TASK DETAILS >> Everything below from the line with "La fira acull parades d'alimentació" through the line with "Gustave Doré, Il" should be copied exactly, and nothing else; leave out the pictures.

GIVEN DATA >>
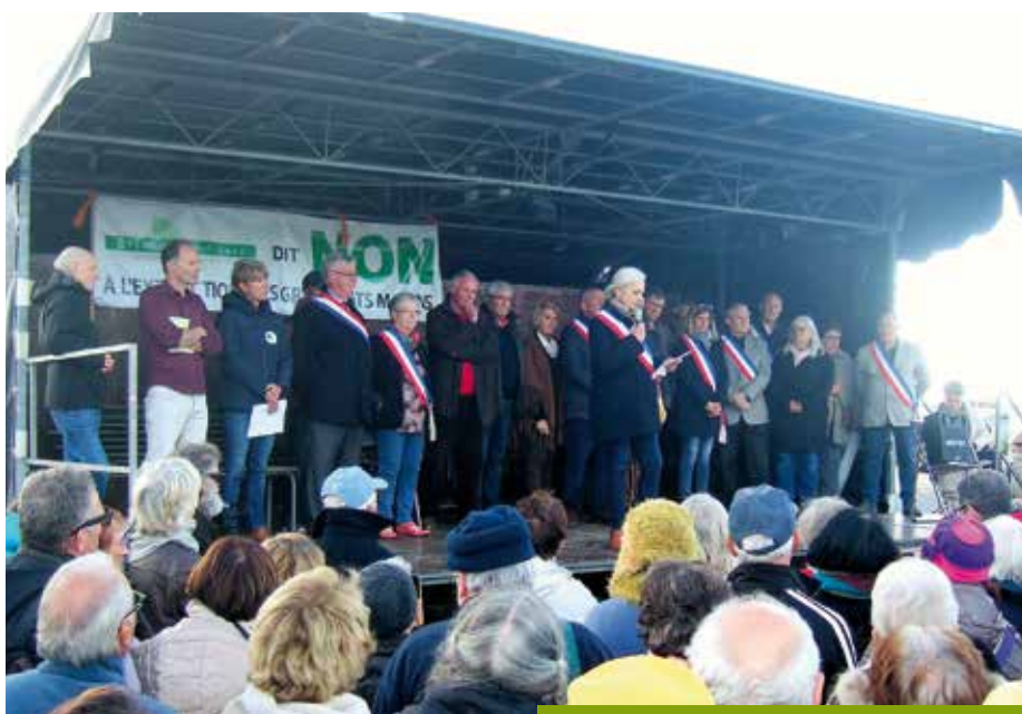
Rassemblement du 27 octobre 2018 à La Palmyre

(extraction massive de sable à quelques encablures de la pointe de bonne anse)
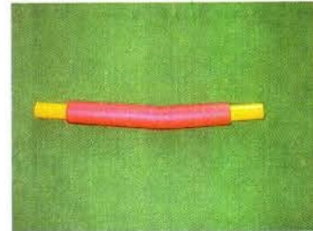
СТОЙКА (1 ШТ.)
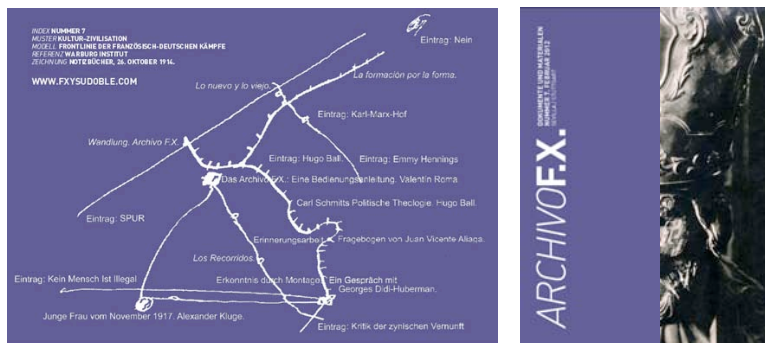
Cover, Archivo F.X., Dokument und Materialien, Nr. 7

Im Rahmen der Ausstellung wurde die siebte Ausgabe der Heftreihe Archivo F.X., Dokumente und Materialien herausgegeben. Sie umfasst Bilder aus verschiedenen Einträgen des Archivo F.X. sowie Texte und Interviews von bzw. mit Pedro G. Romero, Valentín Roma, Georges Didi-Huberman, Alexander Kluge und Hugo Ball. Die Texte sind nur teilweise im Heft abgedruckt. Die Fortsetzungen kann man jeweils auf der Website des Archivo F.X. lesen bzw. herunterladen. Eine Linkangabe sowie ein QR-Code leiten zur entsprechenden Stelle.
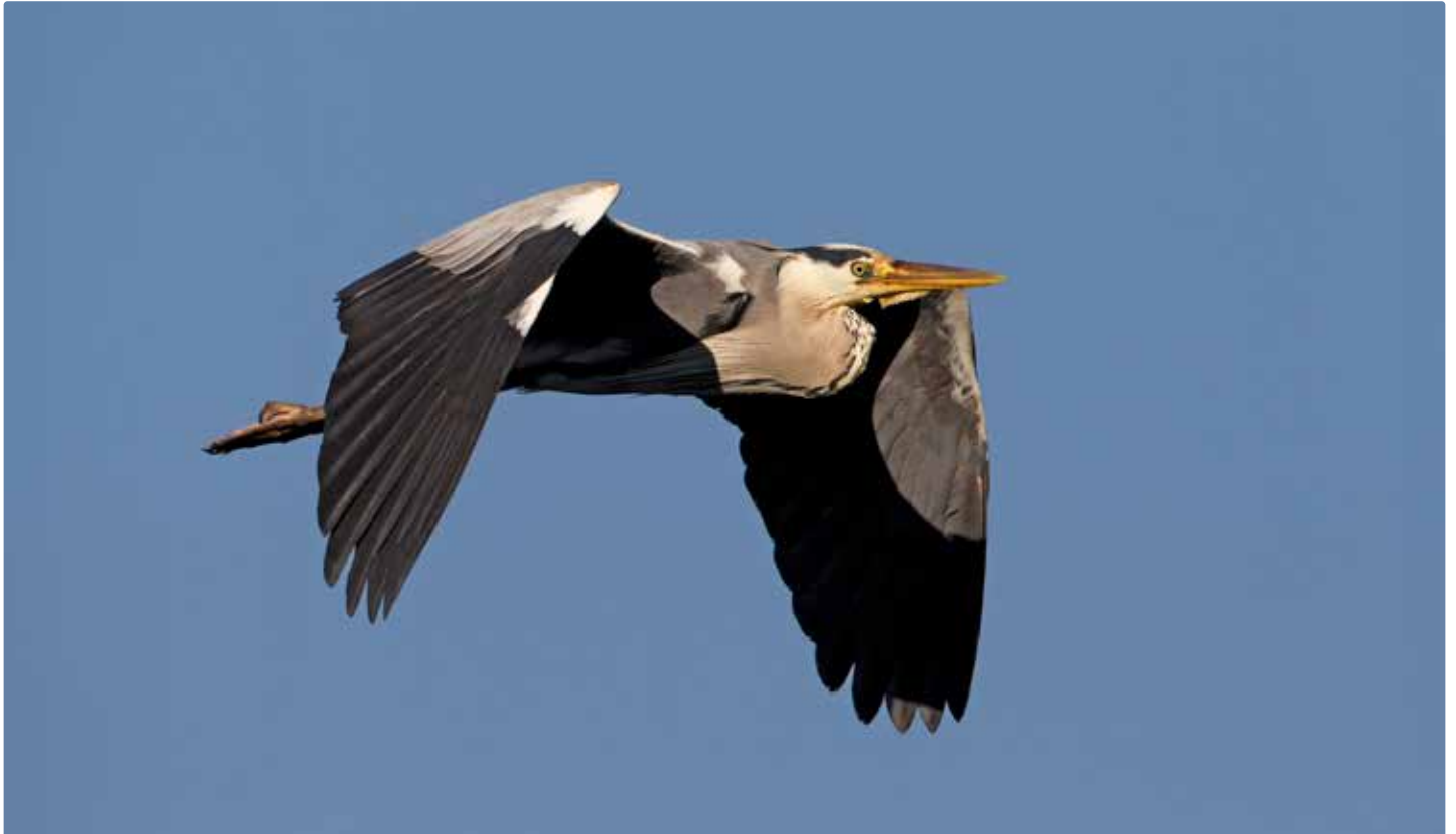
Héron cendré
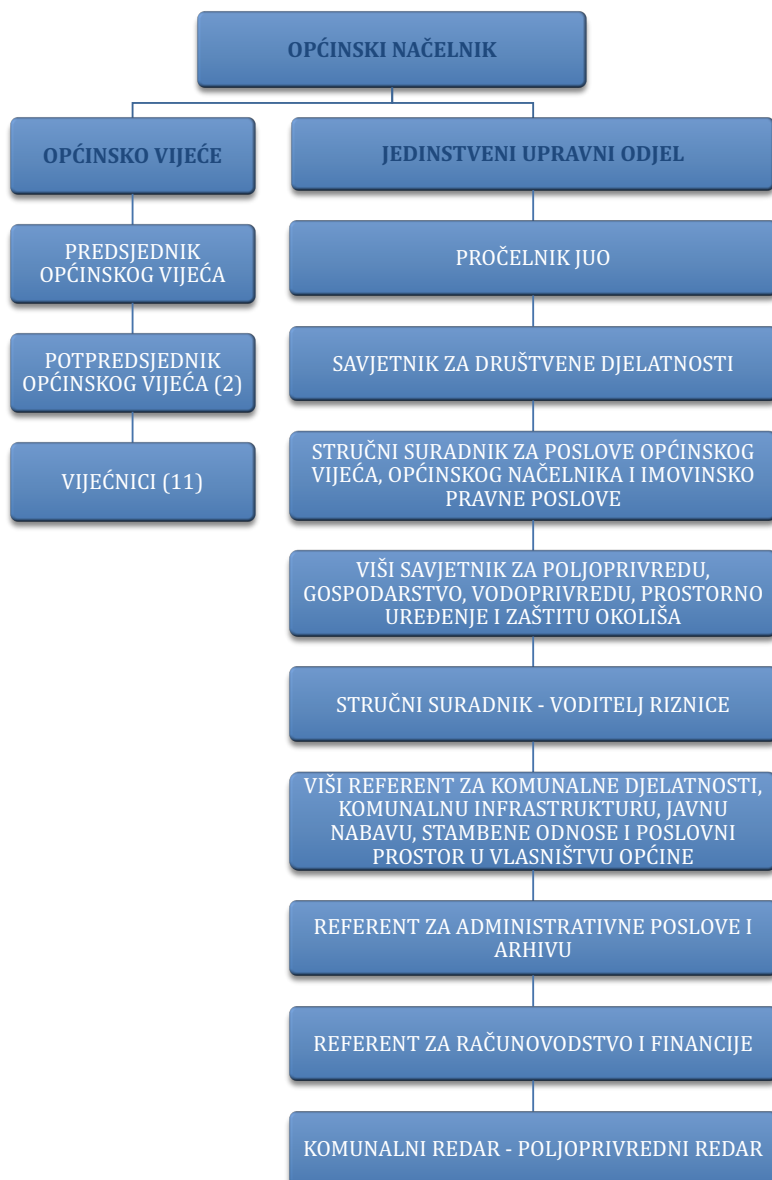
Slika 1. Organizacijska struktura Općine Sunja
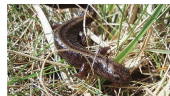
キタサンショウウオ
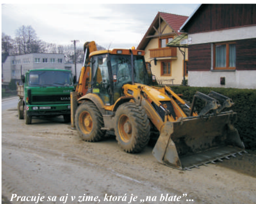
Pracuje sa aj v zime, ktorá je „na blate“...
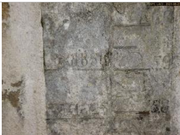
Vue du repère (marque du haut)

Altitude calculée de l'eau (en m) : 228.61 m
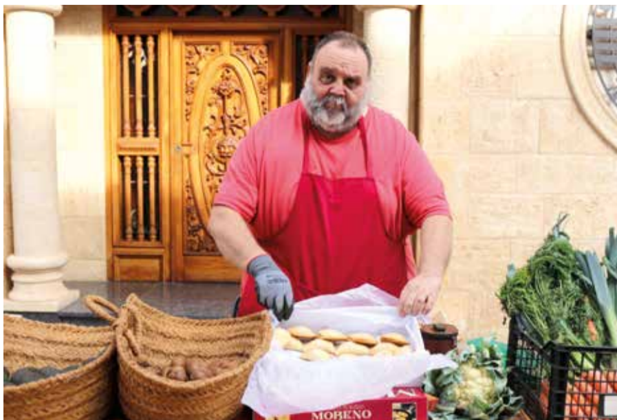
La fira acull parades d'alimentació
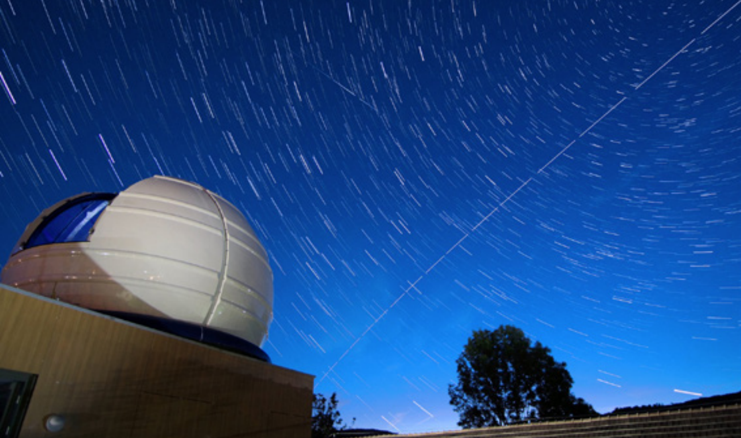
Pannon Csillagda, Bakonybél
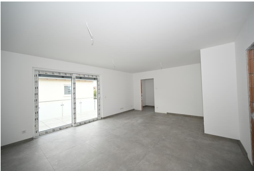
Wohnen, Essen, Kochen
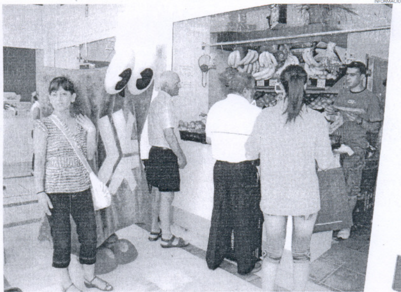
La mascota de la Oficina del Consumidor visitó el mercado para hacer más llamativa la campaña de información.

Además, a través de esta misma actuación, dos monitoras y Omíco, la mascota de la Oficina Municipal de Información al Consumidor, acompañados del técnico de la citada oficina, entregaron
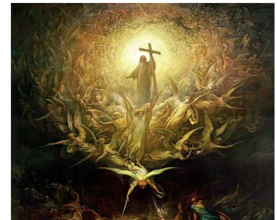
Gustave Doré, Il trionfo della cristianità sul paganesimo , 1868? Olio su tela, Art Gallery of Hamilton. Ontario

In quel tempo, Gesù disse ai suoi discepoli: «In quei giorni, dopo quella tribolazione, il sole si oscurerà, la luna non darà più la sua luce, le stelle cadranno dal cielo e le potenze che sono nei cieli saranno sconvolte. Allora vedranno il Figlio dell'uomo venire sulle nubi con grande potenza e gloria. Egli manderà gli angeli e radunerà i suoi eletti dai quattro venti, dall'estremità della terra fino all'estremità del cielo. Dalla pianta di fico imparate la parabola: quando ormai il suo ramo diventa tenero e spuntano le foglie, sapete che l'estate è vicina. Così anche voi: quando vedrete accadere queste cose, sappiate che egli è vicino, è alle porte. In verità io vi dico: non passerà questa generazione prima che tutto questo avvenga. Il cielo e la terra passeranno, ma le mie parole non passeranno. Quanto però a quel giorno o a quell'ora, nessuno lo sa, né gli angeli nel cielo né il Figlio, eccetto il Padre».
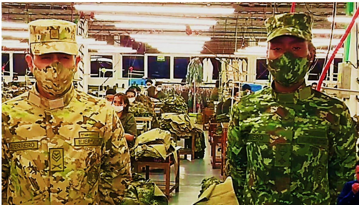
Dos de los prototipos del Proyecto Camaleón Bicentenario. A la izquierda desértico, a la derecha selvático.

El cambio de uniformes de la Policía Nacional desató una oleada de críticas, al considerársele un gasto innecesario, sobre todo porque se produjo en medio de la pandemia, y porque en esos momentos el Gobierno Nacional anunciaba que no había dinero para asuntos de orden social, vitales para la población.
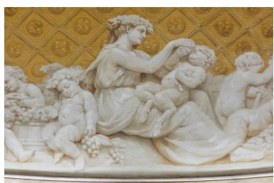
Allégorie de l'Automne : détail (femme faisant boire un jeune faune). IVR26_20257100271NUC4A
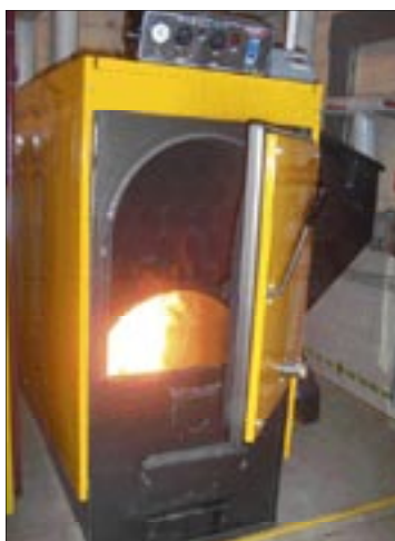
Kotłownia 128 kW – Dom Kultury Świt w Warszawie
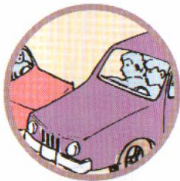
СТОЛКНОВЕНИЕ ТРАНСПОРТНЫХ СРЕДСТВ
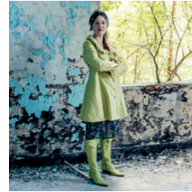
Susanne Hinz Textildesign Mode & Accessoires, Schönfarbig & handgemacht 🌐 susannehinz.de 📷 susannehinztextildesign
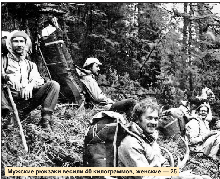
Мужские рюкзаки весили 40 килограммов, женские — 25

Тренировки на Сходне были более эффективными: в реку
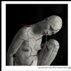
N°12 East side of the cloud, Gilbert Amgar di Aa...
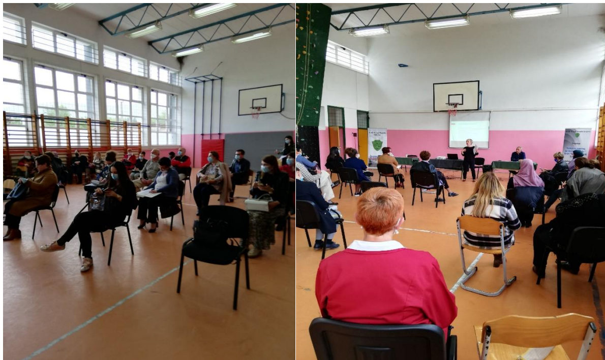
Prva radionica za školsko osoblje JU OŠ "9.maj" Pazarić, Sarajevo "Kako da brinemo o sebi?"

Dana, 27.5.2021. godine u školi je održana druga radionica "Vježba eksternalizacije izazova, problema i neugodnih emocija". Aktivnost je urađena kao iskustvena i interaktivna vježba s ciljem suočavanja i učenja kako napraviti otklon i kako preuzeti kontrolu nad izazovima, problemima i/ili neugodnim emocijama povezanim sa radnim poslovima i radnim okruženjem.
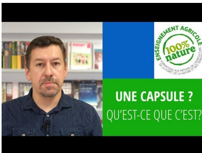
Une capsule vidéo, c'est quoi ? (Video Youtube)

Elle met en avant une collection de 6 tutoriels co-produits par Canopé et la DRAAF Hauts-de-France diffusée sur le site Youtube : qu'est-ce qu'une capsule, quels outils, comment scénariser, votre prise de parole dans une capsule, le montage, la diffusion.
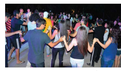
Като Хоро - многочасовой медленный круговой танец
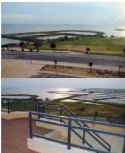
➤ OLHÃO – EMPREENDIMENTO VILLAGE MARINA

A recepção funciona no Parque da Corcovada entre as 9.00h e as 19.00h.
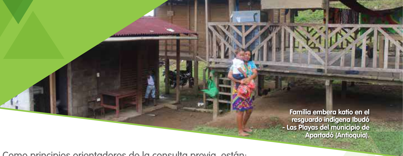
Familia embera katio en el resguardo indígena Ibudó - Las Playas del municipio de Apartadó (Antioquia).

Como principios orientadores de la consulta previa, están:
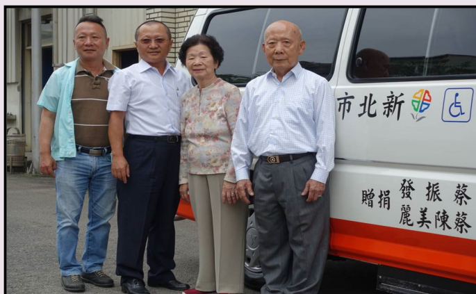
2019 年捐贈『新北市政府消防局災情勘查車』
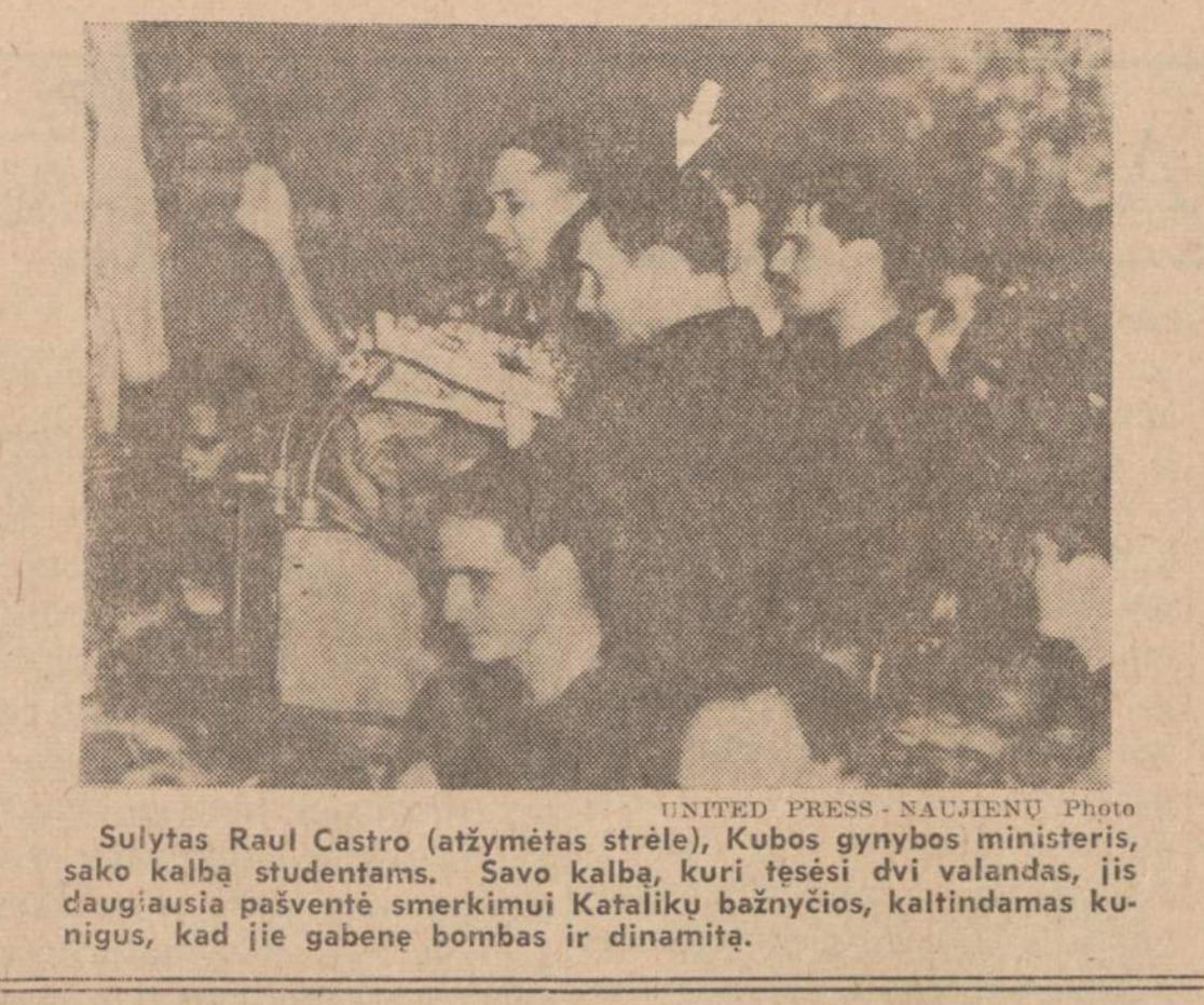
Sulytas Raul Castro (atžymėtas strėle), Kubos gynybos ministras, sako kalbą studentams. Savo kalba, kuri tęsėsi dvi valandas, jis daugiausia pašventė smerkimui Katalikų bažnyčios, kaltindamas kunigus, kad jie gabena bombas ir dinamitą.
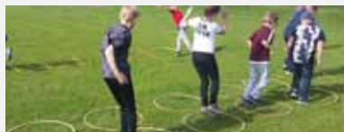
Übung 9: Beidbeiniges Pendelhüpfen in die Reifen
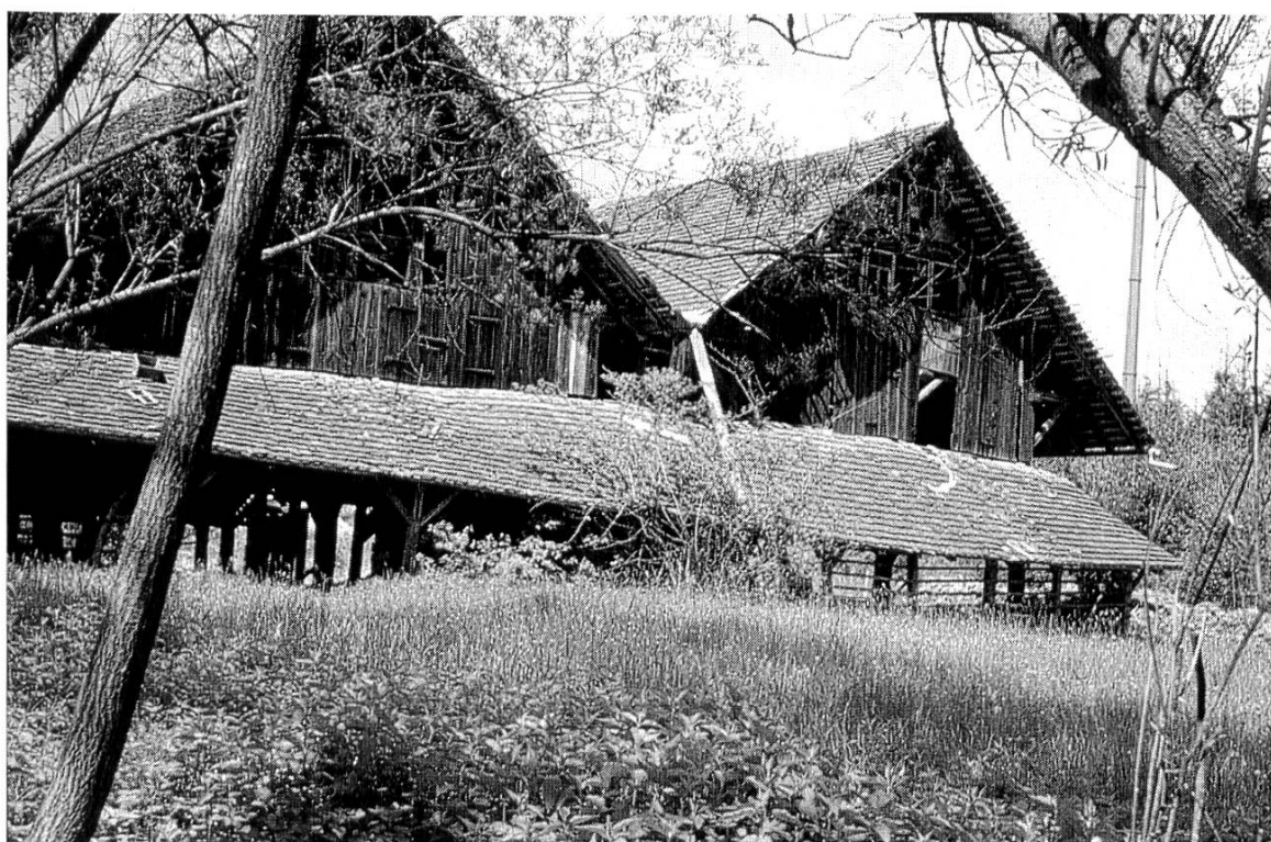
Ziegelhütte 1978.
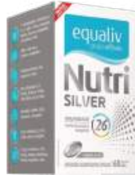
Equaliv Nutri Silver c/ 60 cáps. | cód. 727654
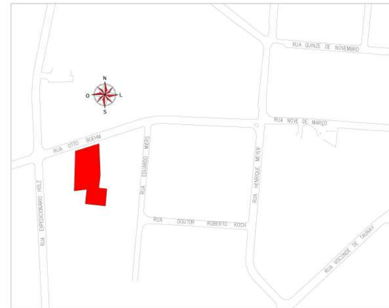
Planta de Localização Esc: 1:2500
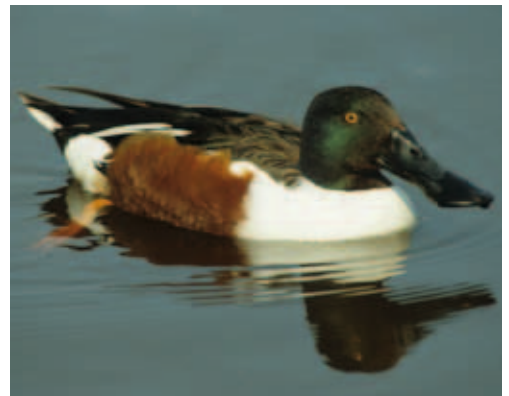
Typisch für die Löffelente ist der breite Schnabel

TASK ANSWER >>
La fira acull parades d'alimentació
Pannon Csillagda, Bakonybél
Wohnen, Essen, Kochen
La mascota de la Oficina del Consumidor visitó el mercado para hacer más llamativa la campaña de información.

Además, a través de esta misma actuación, dos monitoras y Omíco, la mascota de la Oficina Municipal de Información al Consumidor, acompañados del técnico de la citada oficina, entregaron
Gustave Doré, Il trionfo della cristianità sul paganesimo , 1868? Olio su tela, Art Gallery of Hamilton. Ontario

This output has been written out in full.